Background: Pituitary abscess is less common but life threating which is usually misdiagnosed as pituitary tumor pre-operatively, in spite of radiological advancement. Definite diagnosis is possible only postoperatively. Material and methods:we report a case of 40 years old woman, admitted in our department with symptoms of headache, visual impairment and pituitary dysfunction.
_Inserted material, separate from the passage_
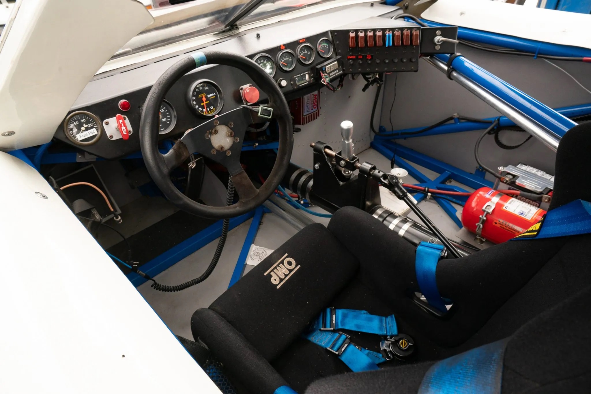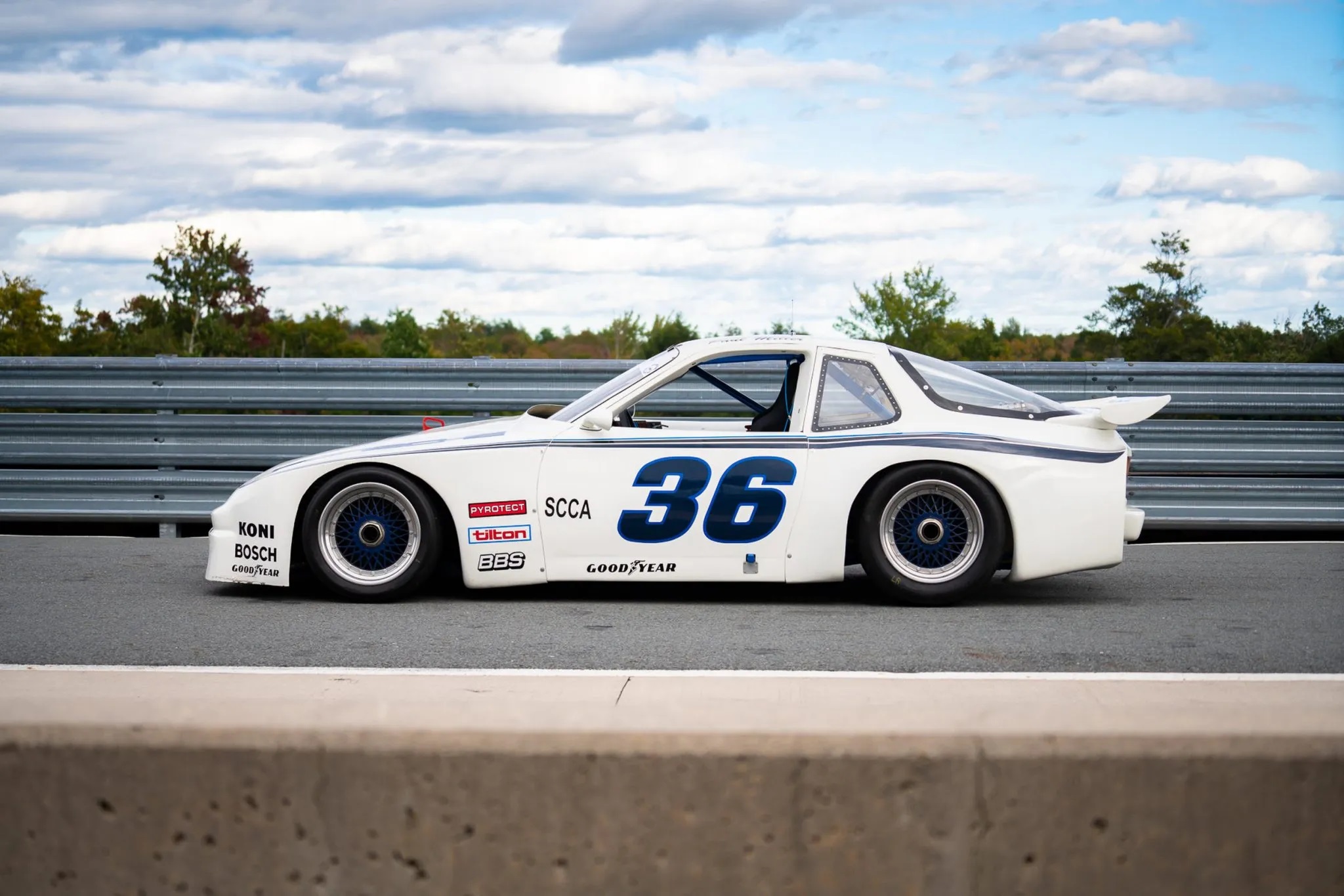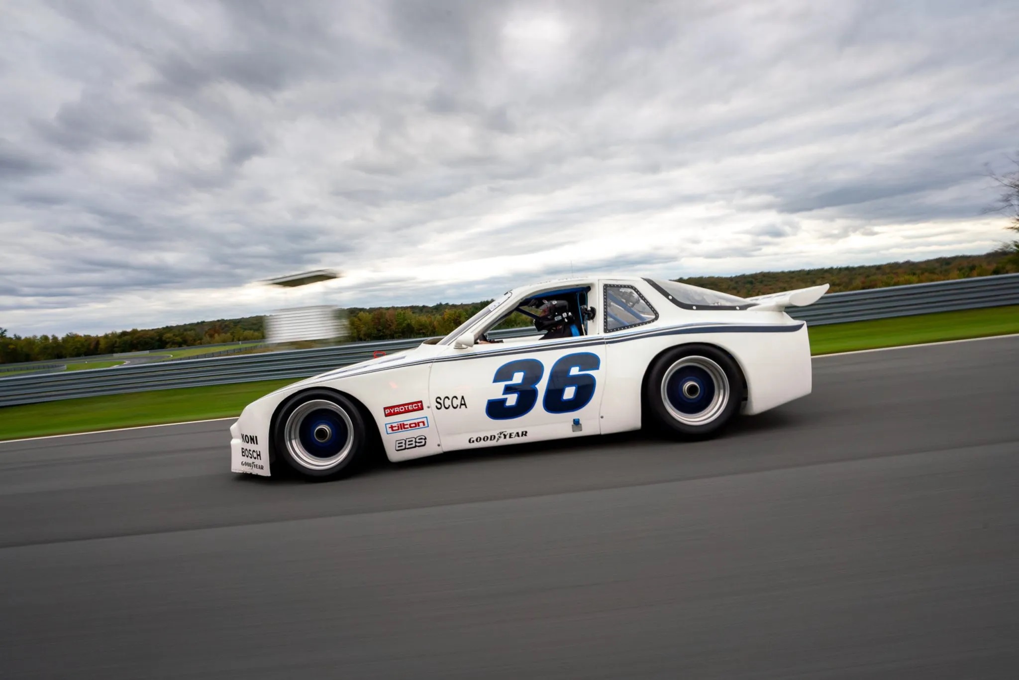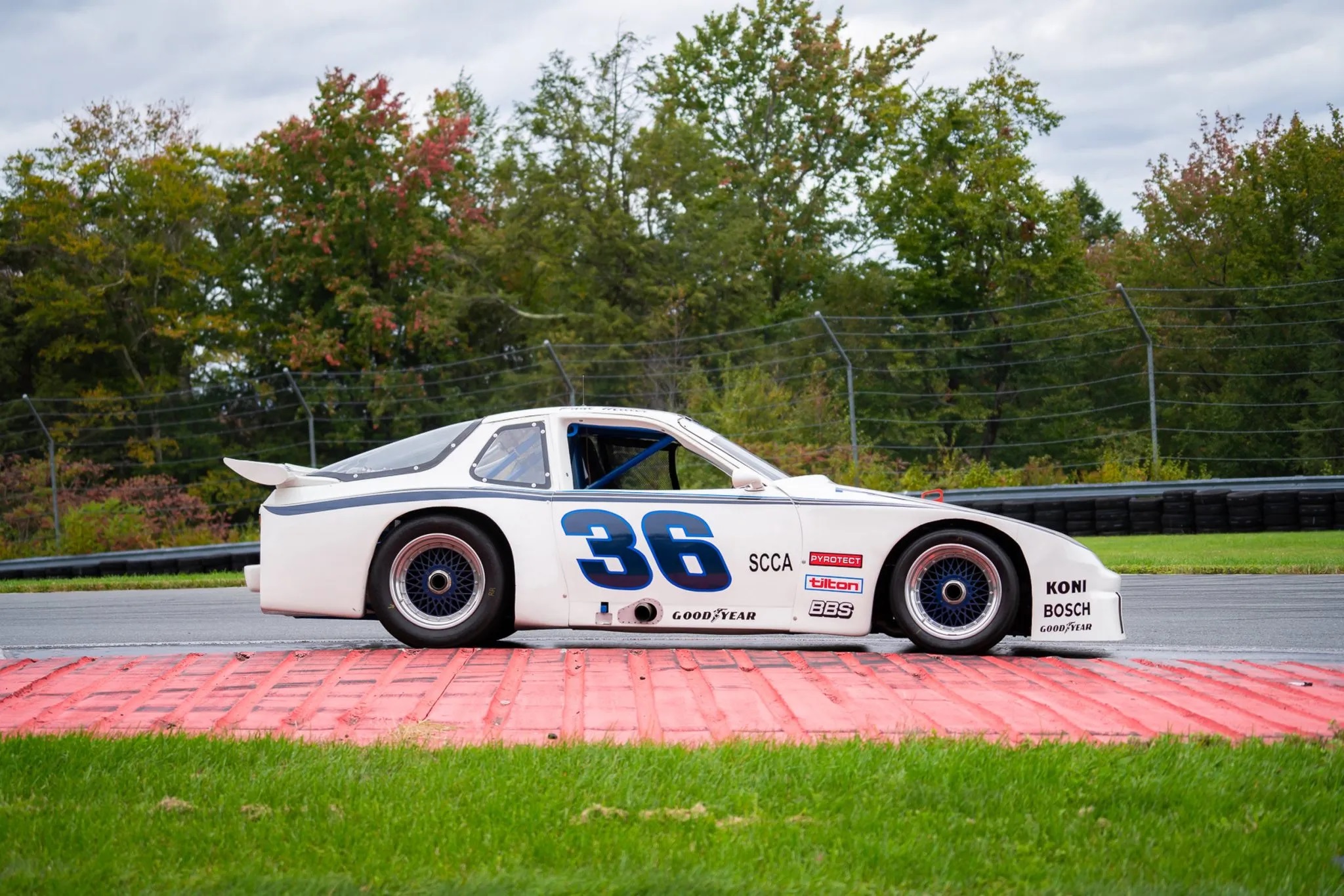 The 924 GTR featured wide 16-inch center-lock BBS alloy wheels with turbine covers for enhanced brake cooling, lightweight doors with sliding plastic panels, and a functional race-oriented interior, nearly identical to factory race cars, but with an added passenger seat, fire-suppression system, and extra gauges.

MRI brain revealed sellar and supra-sellar mass consistent with pituitary tumor. She eventually underwent endoscopic trans-sphenoidal removal. Per operatively pus was evident. A month later, she was well and fully recovered pituitary function. Results:The histopathological examination confirmed presence wall of abscess cavity, however, Culture showed no growth. Conclusion:This case report gives emphasis on the importance of considering pituitary abscess as a differential diagnosis in patients with sella/supra-sellar mass. Early diagnosis and surgical management of a pituitary abscess significantly decreases morbidity and mortality, and it also helps to establish the definite diagnosis.